OLYMPIA – If the Washington Legislature is forced into a special session to deal with the economic collapse sparked by COVID-19, some lawmakers are working to make sure they also debate police reform in the aftermath of nationwide protests following by the death of George Floyd.
Two groups leading the discussion in police reform are the House Black Member Caucus and the Senate Members of Color Caucus. Members have been working with the Law and Justice Committee and meeting with other legislators, members of the community, police organizations and other stakeholders to rethink policing in Washington.
It’s unclear whether there will be a special session or if proposals will have to wait until January, but the Black Member Caucus and the Members of Color Caucus are confident new policy will pass.
“I think the pressure is on the system so much that if these laws don’t get passed, there will be a lot of upset people,” said Rep. Jesse Johnson, D-Federal Way, vice chair of the House Black Caucus.
Some of the biggest proposals include banning chokeholds, creating an independent investigatory body to look into use-of-force incidents and ending qualified immunity for officers.
Sen. Manka Dhingra, D-Redmond, pointed at numerous proposals that have so much support that they are no longer considered controversial. Dhingra is a part of the Senate Members of Color Caucus as well as the vice chair of the Law and Justice Committee and Senate deputy majority leader.
Banning chokeholds and tear gas, for example, would be easy to get done during a special session, she said.
Other proposals, such as creating an independent investigatory system, might take longer, so they will likely wait until January, Dhingra said.
“I don’t think anyone is unrealistic with what can be done during a special session,” said Rep. Debra Entenman, D-Kent, chair of the House Black Member Caucus. “But we can no longer wait, and I think that we will be successful.”
Other proposals Dhingra is working on include mandating peer intervention training among officers and creating a use-of-force incident audit process.
Entenman also stressed the importance of ensuring any new COVID-relief funds don’t leave behind communities that need it, such as communities of color.
“Our COVID response is disproportionately affecting people of color,” she added.
One of the biggest hurdles Johnson acknowledged, will be with police unions, who traditionally have a significant influence in crafting policing laws. He’s hoping that by including police organizations, such as the Washington State Fraternal Order of Police, early in the conversations, they will be more likely to succeed in passing reform.
Another hurdle will be the state budget deficit, but Dhingra said there is a lot of policy that can change without a large cost.
“If they do have a large fiscal note, there is enough momentum to say this is a priority,” she said.
If there isn’t a special session, legislators will continue to work on the ideas for the regular session, which starts in January. Dhingra said there is a lot that can be done at a city and county level to make changes to the criminal justice system before January.
Sen. Joe Nguyen, D-White Center, said he is confident police reform legislation will pass in the next session. It’s a priority, said Nguyen, who is a part of the Senate Members of Color Caucus.
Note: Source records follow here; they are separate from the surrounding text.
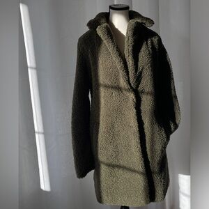 Cozy and stylish thigh length teddy jacket, to keep you warm. Soft, plush texture with a relaxed fit!
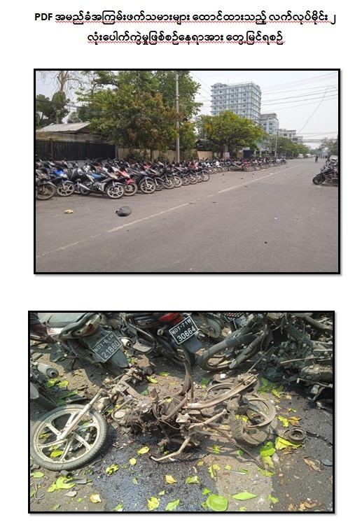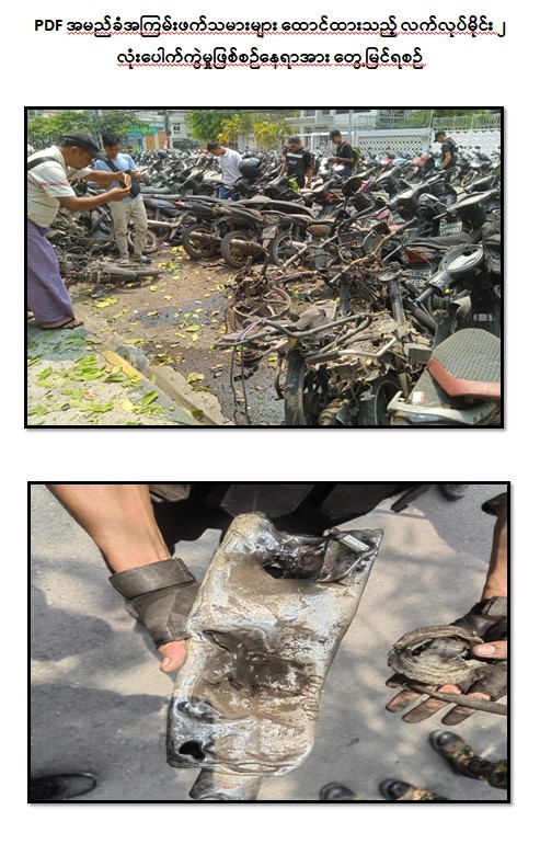 မန္တလေးတိုင်းဒေသကြီး၊ ချမ်းအေးသာစံမြို့နယ်၊ မြို့တော်ဝန်သင်္ကြန်မဏ္ဍပ်အနောက်ဘက် ဆိုင်ကယ်ရပ်နားဆောင်၌ PDF အမည်ခံ အကြမ်းဖက်သမားများ ထောင်ထားသည့် လက်လုပ်မိုင်း ၂ လုံး ပေါက်ကွဲမှုကြောင့် ကလေးငယ် ၅ ဦးအပါအဝင် ဒေသခံပြည်သူ ၁၂ ဦး ထိခိုက်ဒဏ်ရာရရှိခဲ့ကြောင်း သိရှိရသည်။
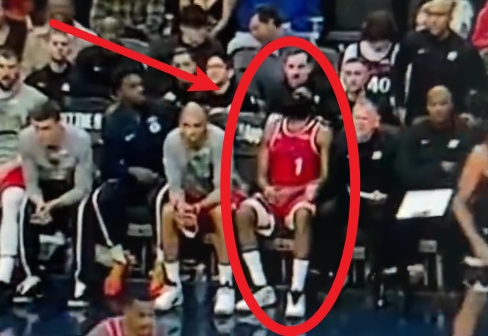 有点疲惫?哈登被换下场一屁股瘫坐在板凳上&抬头仰面
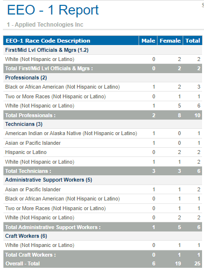Sample Report The following sample shows the EEO-1 Worksheet report. Parent Topic: EEO-1 Report HomeReports & AnalyticsWelcome to Costpoint Business IntelligenceHuman ResourcesHuman Resources ReportsEEO-1 ReportSample Report
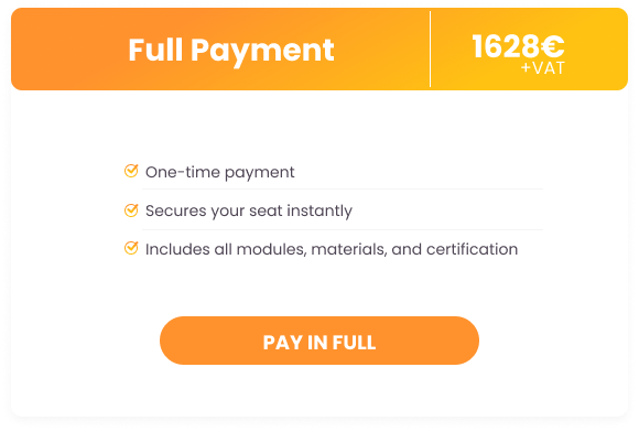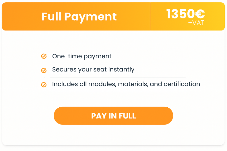 Fully online, highly interactive: live sessions, peer coaching, and practical assignments designed for real-world application.
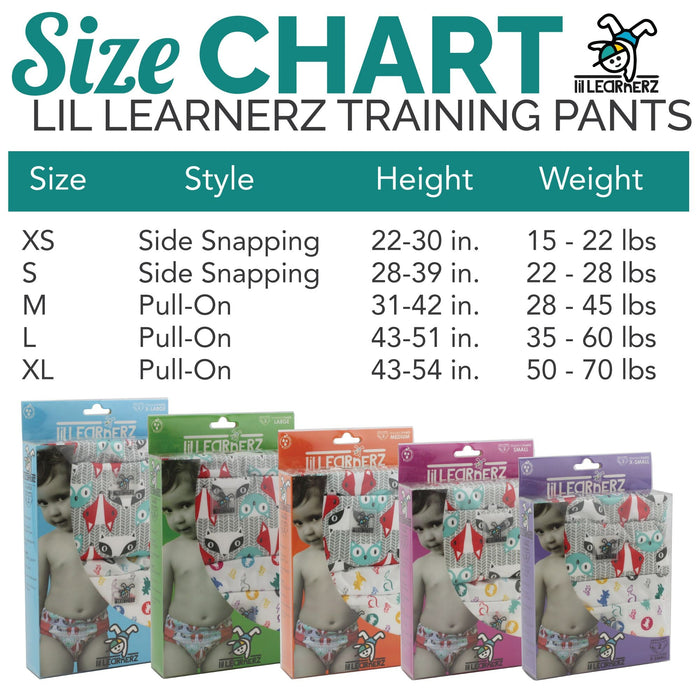 Designed for easy ups and downs, Lil Learnerz 2.0 look and feel just like real underwear with more generous sizing and side-snapping release panels in ALL SIZES - for quick changes if needed. Perfect for early learners who still need a little extra help perfecting those potty trips.
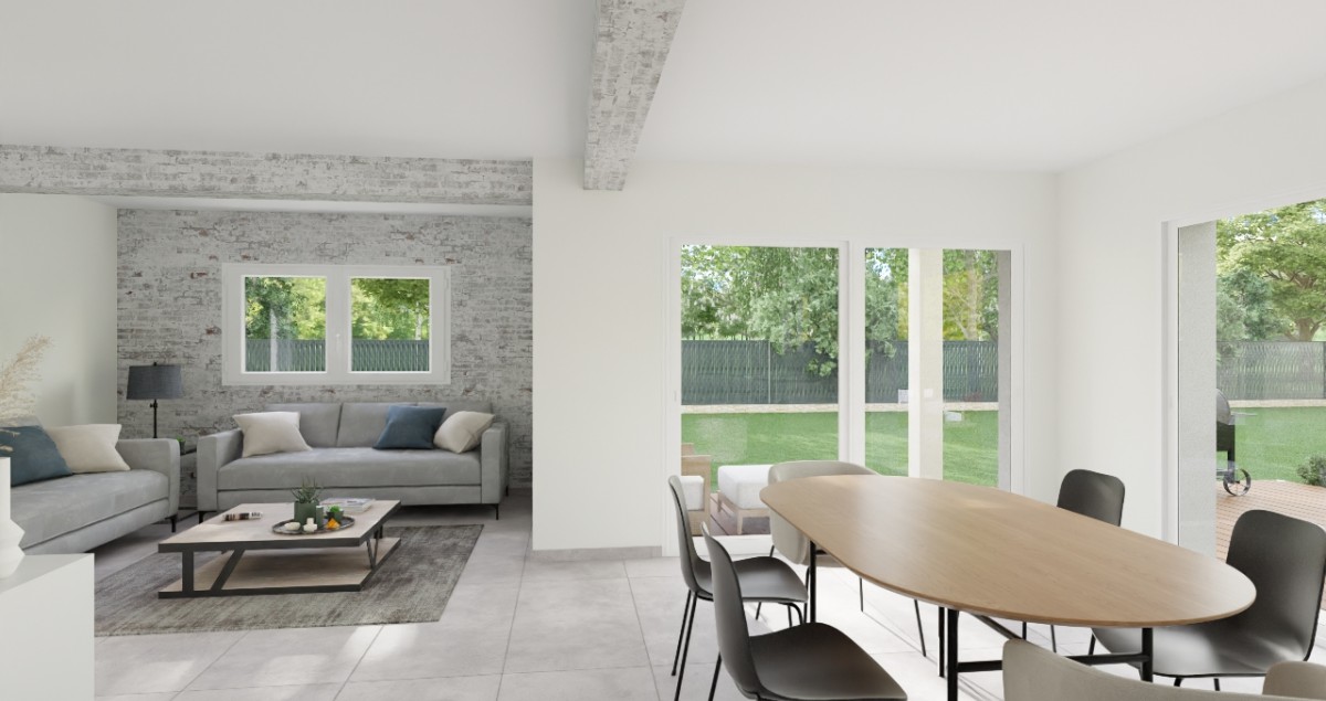 Ce projet propose 4 chambres, un séjour lumineux avec cuisine ouverte, une salle de bain familiale et des WC séparés.
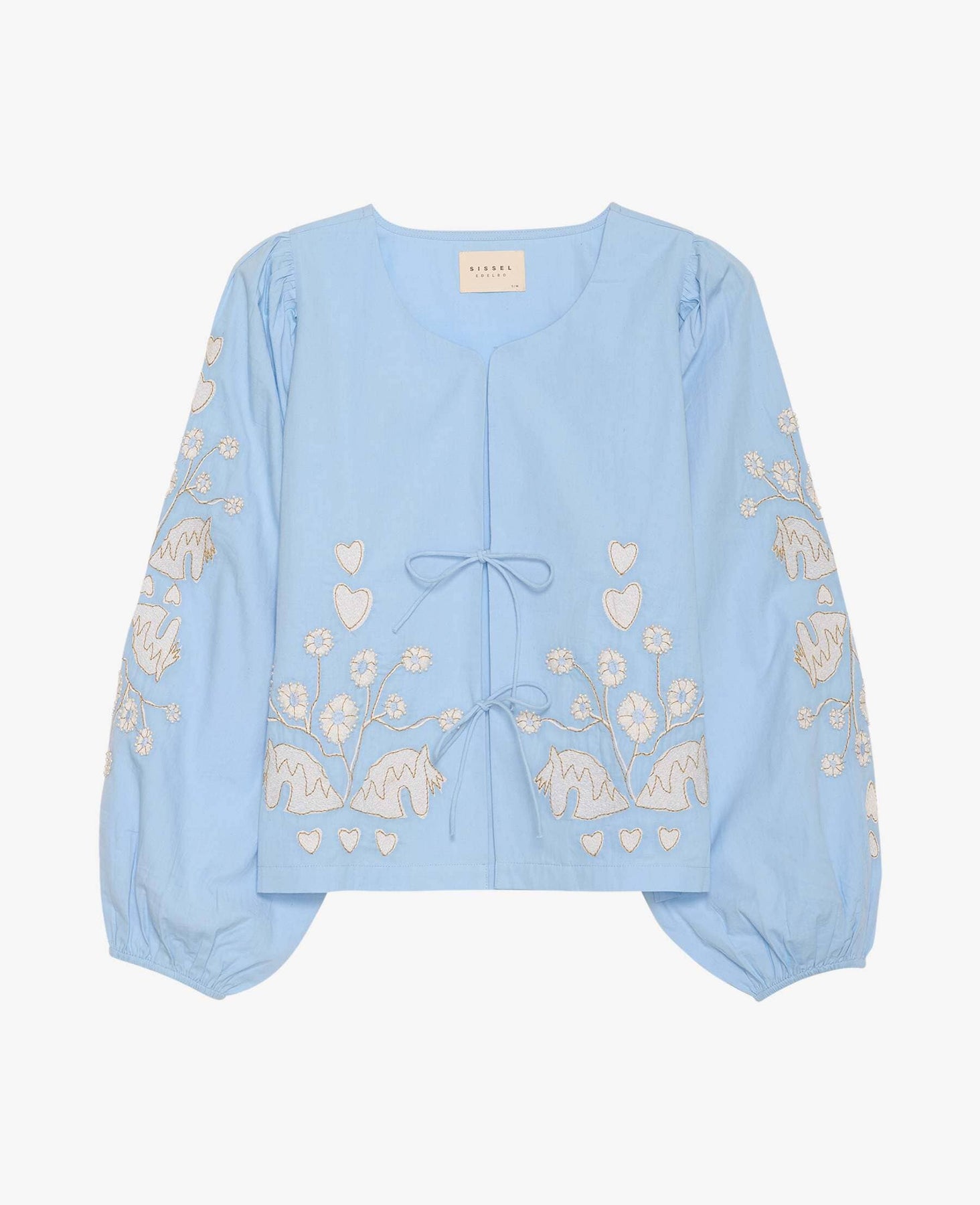 Hellblaue Bluse von Sissel Edelbo mit gestickten Herzen und Blumen auf der Vorderseite und an den Ärmeln. Die Bluse hat Bindedetails vorne und Perlenverzierungen.
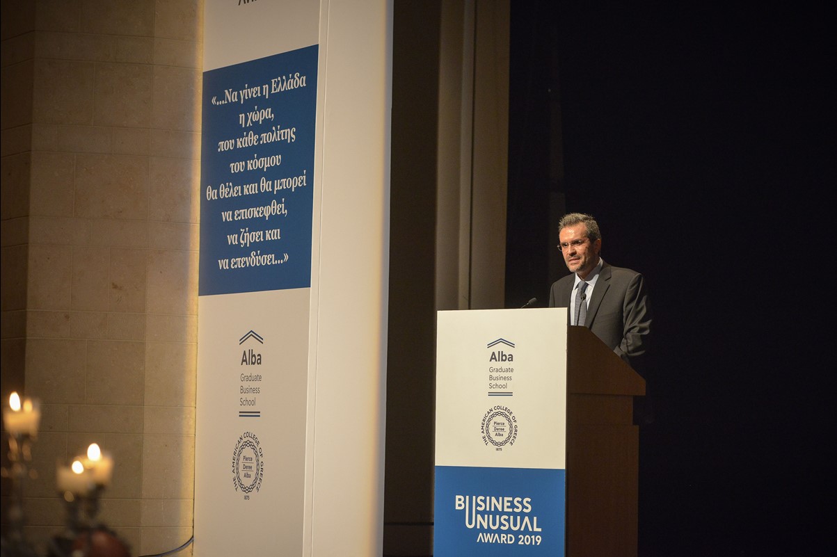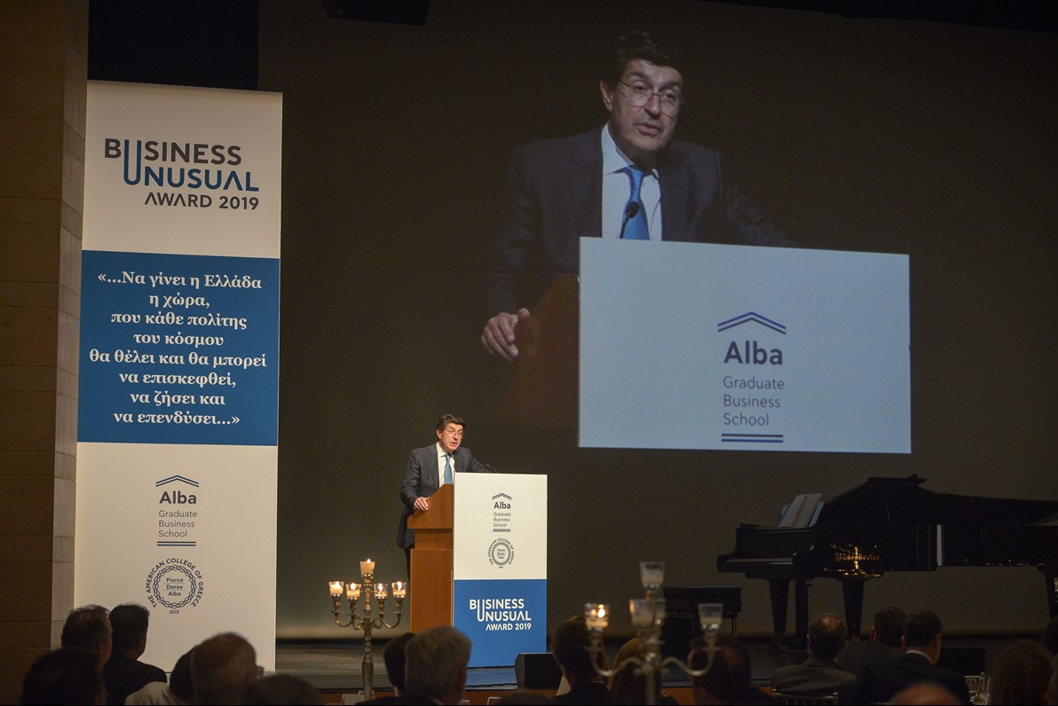 "Business Unusual Award is connected to the vision, principles and mission of Alba for it honors and celebrates entrepreneurs whose work is a catalyst of change and progress in Greece and abroad and serves as a model of sound business conduct,” said Alba Dean Kostas Axarloglou in his opening remarks, while linking the purpose of the award with Alba’s role and mission.
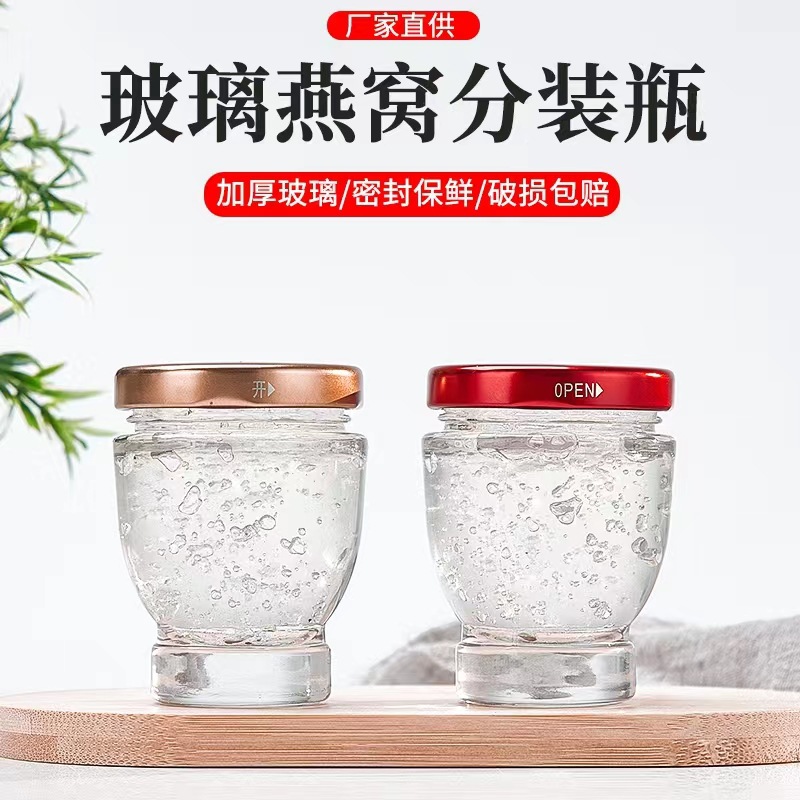 小紅書と同じスタイルのツバメの巣ボトル、食品グレードの透明なガラスボトル、すぐに食べられるツバメの巣の密封と印刷可能
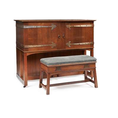 ARTS & CRAFTS ‘MANXMAN’ PIANO AND STOOL, CIRCA 1904
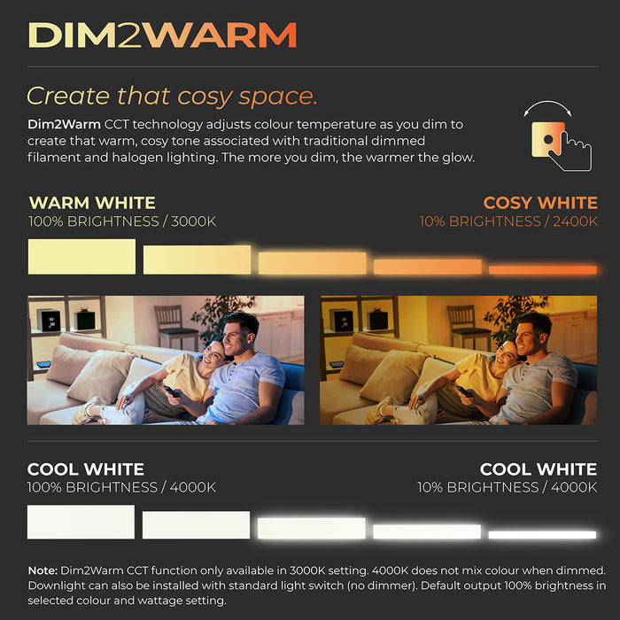 • Power Selectable 6W/4W & Colour Selectable 3000K/4000K - Dim2Warm technology as standard.
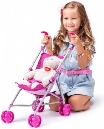 Wózek jest wyposażony w solidną metalową ramę i wygodne siedzenie z tkaniny. Małe dziewczynki mogą trenować swoje umiejętności opiekuńcze, bawiąc się. Klasyczny styl, więc łatwo go używać zarówno wewnątrz, jak i na zewnątrz.
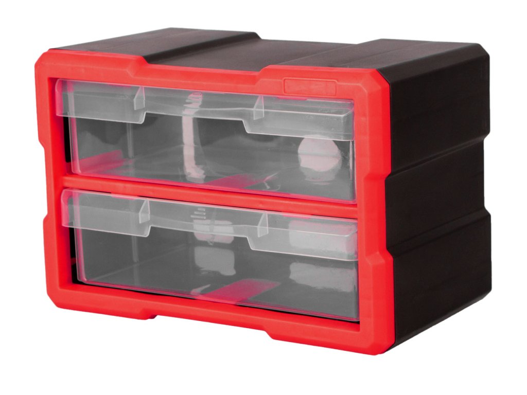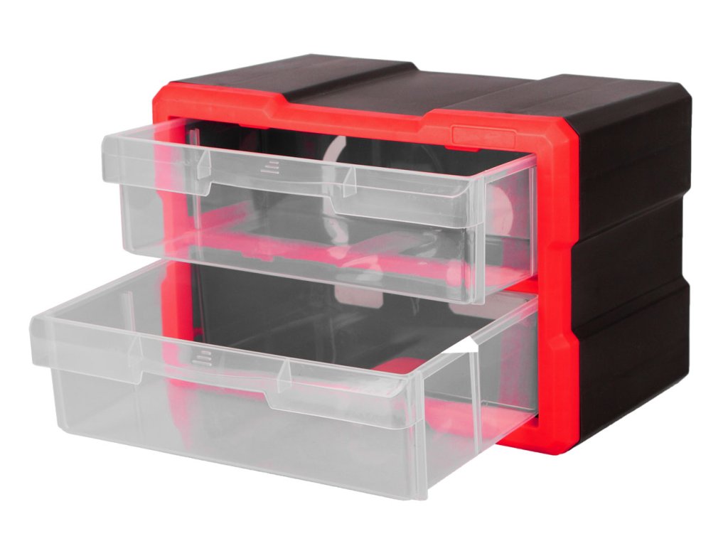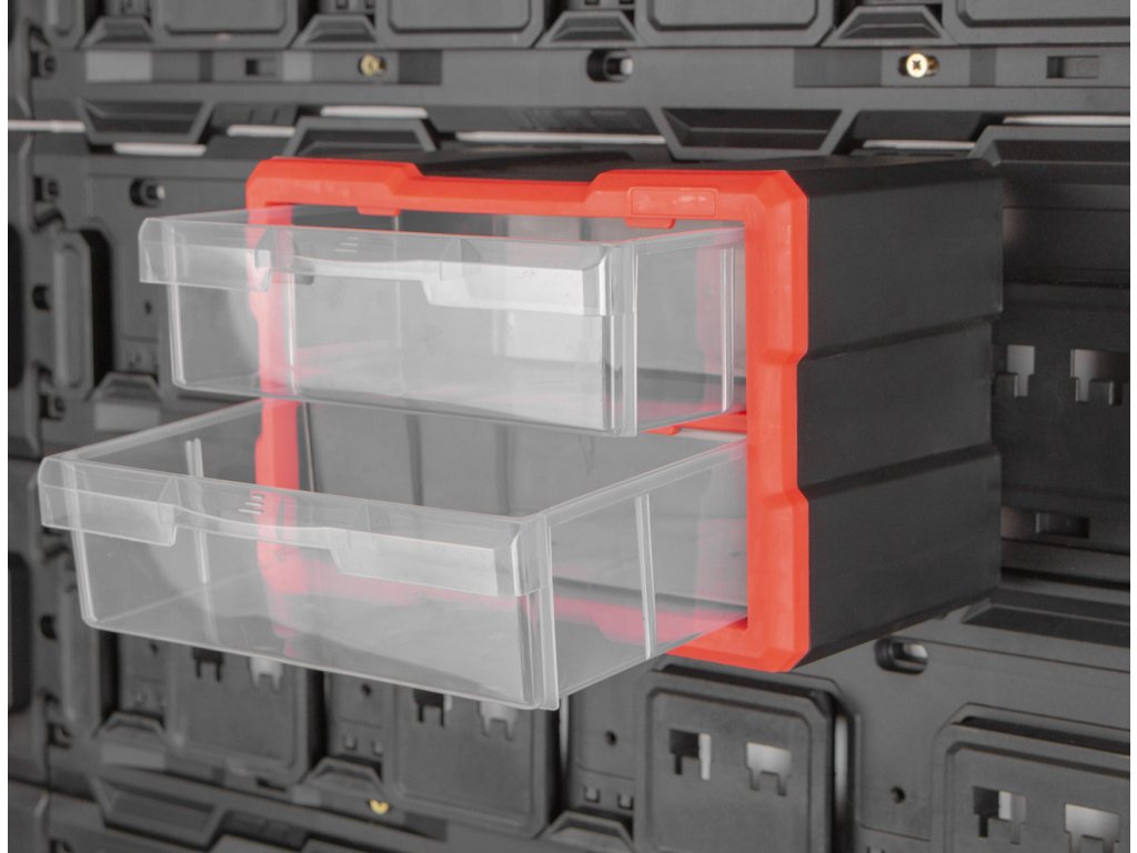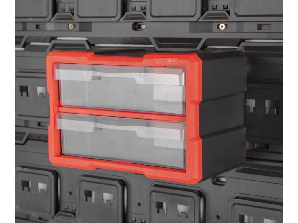 Organizér se 2 zásuvkami k závěsné desce MW7000. Rozměr 29,5 x 19,5 x 16 cm, 2 velké zásuvky. Vysoce odolný plast, červeno-černý, transparentní zásuvky.

“Things like this often don’t make it to the forefront because not enough people care about it,” he said. “That dynamic is very, very different now.”
The Black Member Caucus was only created two years ago and currently has five members. The Senate Members of Color caucus has eight members but does not have a Black member, because Washington has no Black senators.
Nguyen said not having any Black members of the Senate provides a huge blind spot in how they think about legislation, which is why it’s so important to include the Black Members Caucus of the House in the discussions they’re having.
“We’ve been talking with each other about how we can ensure the communities most affected are leading these conversations,” he said.
By bringing in the Black Members Caucus as well as outside groups such as the NAACP, Black Lives Matter, and other community organizers, Nguyen said it ensures the best legislation possible is proposed.
Entenman said the lack of Black legislators points to the institutionalized racism within larger systems in this country.
“It’s important for me to recognize, although I am part of this system, there are parts I am trying to change from the inside,” Entenman said.
Having the Black Member Caucus involved in the conversations allows Black legislators to bring in their own stakeholders and community advocates that might not otherwise be involved in the conversation, Johnson said.
“It gives us credibility for the community to see Black elected officials out front leading this,” Johnson said.
Entenman said the caucus is not simply focusing on what happens in the western part of the state.
She has talked with community leaders in Eastern Washington and is listening to their concerns as well.
People of color live in all different parts of the state, she said.
“We have to focus on what is happening in the African American community, but that is not to exclude other people,” Entenman said. “That is simply to say that we think it will benefit all people in our state.”